In the present compilation project the iodine value in milk was based on a large number of individual samples that were analyzed by the TINE SA dairy company and the IMR. Based on scientific literature on the production of milk and its content of iodine, which showed no significant differences in iodine content based on milk fat content, we used the average value of iodine in all milk types, irrespective of fat content [39
]. Furthermore, the development of new cattle fodder including soy-based ingredients has influenced the content of iodine in Norwegian milk recent years [42
], and thus only analytical values for the two most recent years were included in our iodine food composition database. Not surprisingly, whey cheese had a much higher content of iodine than white cheese. Iodine is mostly found in the water fraction of milk (the whey), and thus it is concentrated in whey cheese.

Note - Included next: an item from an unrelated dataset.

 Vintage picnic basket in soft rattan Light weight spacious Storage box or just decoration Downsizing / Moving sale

The iodine content of industrially produced bakery products may be higher than the values that we have compiled in this project. The reason is that between 2004 and 2016 at least 168 bread and other bakery products on the Norwegian food market, mostly imported products, were produced while using iodized salt in different concentrations, according to the NFSA list of fortification permits for bakery products that are imported and sold in Norway [44
]. We do not know how well the analytical samples, which are the basis of the present compilation, represent the total market of bread and bakery products, including the imported products. The average iodine content of bread and bakery products in our food composition database may therefore be too low, and therefore the estimations of iodine from bread may also be too low. Bread is a staple food in Norway, therefore new analyses of iodine in bread, both produced in Norway and imported products are warranted.

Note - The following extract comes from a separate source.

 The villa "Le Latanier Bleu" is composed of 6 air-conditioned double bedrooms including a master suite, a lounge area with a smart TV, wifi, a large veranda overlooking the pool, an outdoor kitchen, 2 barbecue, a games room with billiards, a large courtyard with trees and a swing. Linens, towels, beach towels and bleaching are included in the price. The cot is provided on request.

Up until recently, analytical food composition iodine values have been scarce. Fortunately, new initiatives are being taken and we look forward to the development of more and higher quality iodine food composition data from both Norwegian and international initiatives. Comprehensive coverage of iodine values will strengthen the intake estimations. We will continue to compile and update our iodine values in the future when new analytical values emerge from future analytical projects.